§ TASK DESCRIPTION: Return the listing that follows exactly, with no pictures included.

§ INFORMATION SHOWN:
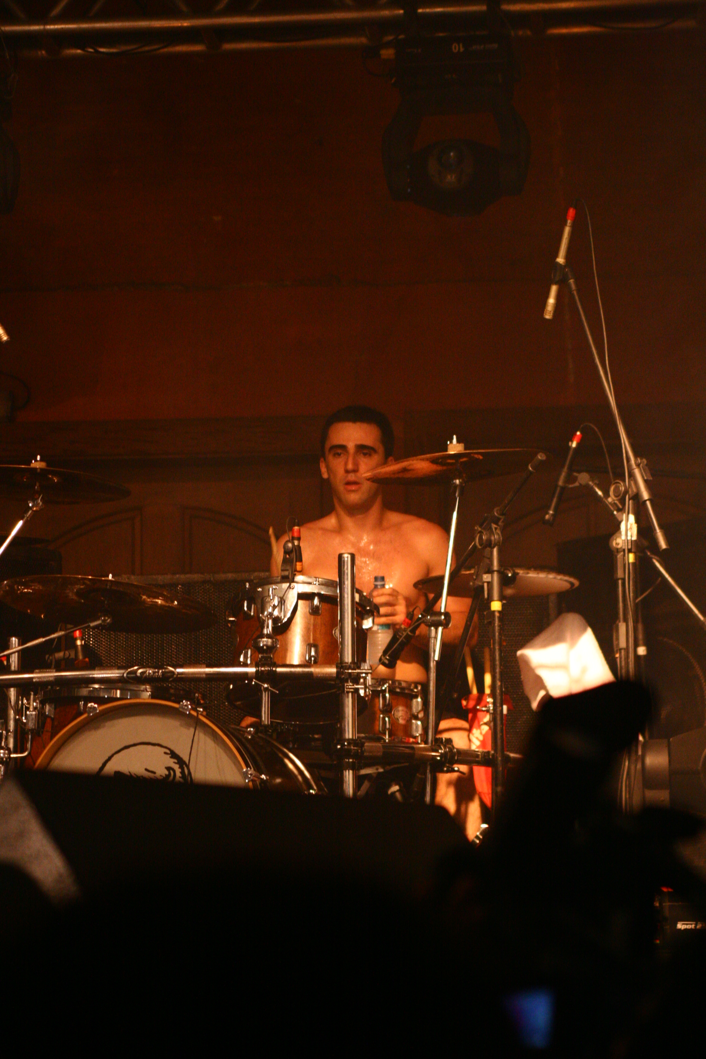 Brazilian drummer Bacalhau in 2007
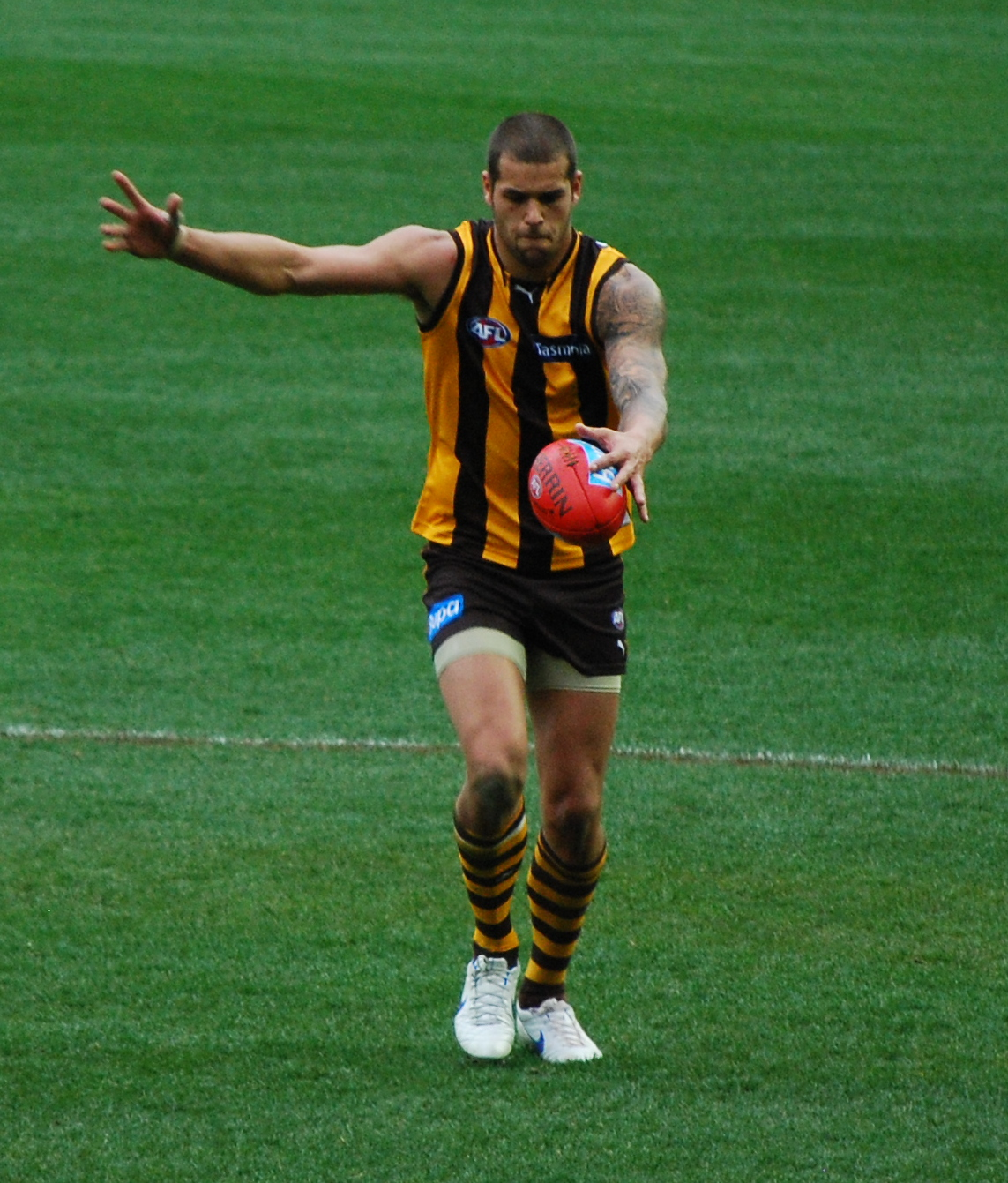 Lance Franklin playing for Hawthorn Hawks taken at the MCG playing against Port Adelaide (Round 21, 2011)
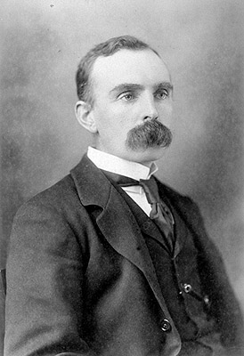 John Walter Gregory, Fellow of the Royal Geographic Society: geologist, geographer and explorer. He conducted the first scientific expedition to Mount Kenya. From 1900-1904 he was Professor of Geology and Mineralogy at the University of Melbourn.
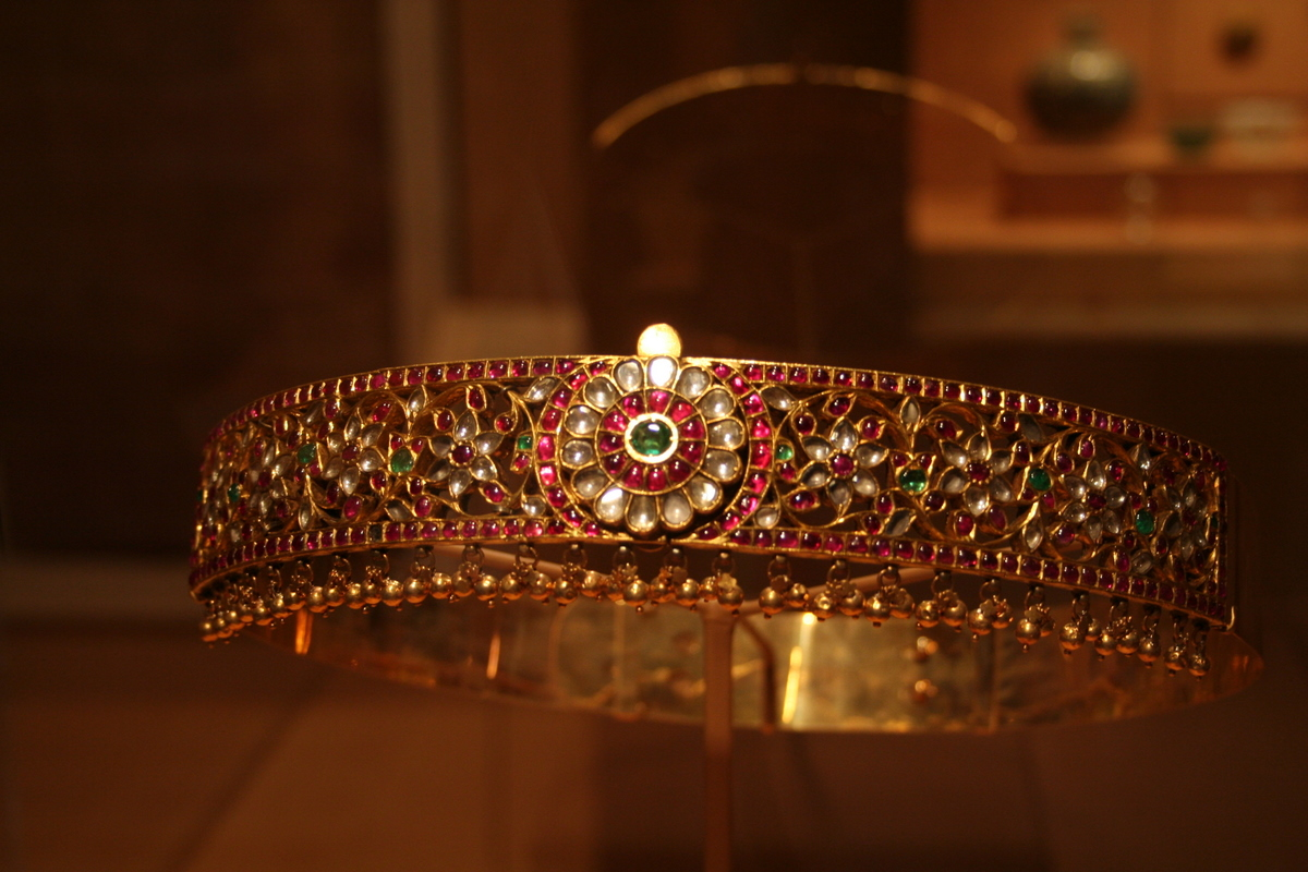 Gold belt (Tamil: Oddiyanam) India, Tamil Nadu, 19th century Gold, diamonds, rubies, emeralds Gift of Gulab Watumull, in celebration of their 50th Wedding Anniversary, 2003 (12392.1) Wikipedia Loves Art at the Honolulu Academy of Arts This photo of item # 12392.1 at the Honolulu Academy of Arts was contributed under the team name "Department_of_Trife" as part of the Wikipedia Loves Art project in February 2009. Honolulu Academy of Arts The original photograph on Flickr was taken by mandleicious—please add a comment to the original Flickr page whenever a use has been made on Wikipedia or another project. Project galleries on Flickr: this institution, this team

§ RESPONSE FOR THIS EXERCISE:
 Brazilian drummer Bacalhau in 2007
 Lance Franklin playing for Hawthorn Hawks taken at the MCG playing against Port Adelaide (Round 21, 2011)
 John Walter Gregory, Fellow of the Royal Geographic Society: geologist, geographer and explorer. He conducted the first scientific expedition to Mount Kenya. From 1900-1904 he was Professor of Geology and Mineralogy at the University of Melbourn.
 Gold belt (Tamil: Oddiyanam) India, Tamil Nadu, 19th century Gold, diamonds, rubies, emeralds Gift of Gulab Watumull, in celebration of their 50th Wedding Anniversary, 2003 (12392.1) Wikipedia Loves Art at the Honolulu Academy of Arts This photo of item # 12392.1 at the Honolulu Academy of Arts was contributed under the team name "Department_of_Trife" as part of the Wikipedia Loves Art project in February 2009. Honolulu Academy of Arts The original photograph on Flickr was taken by mandleicious—please add a comment to the original Flickr page whenever a use has been made on Wikipedia or another project. Project galleries on Flickr: this institution, this team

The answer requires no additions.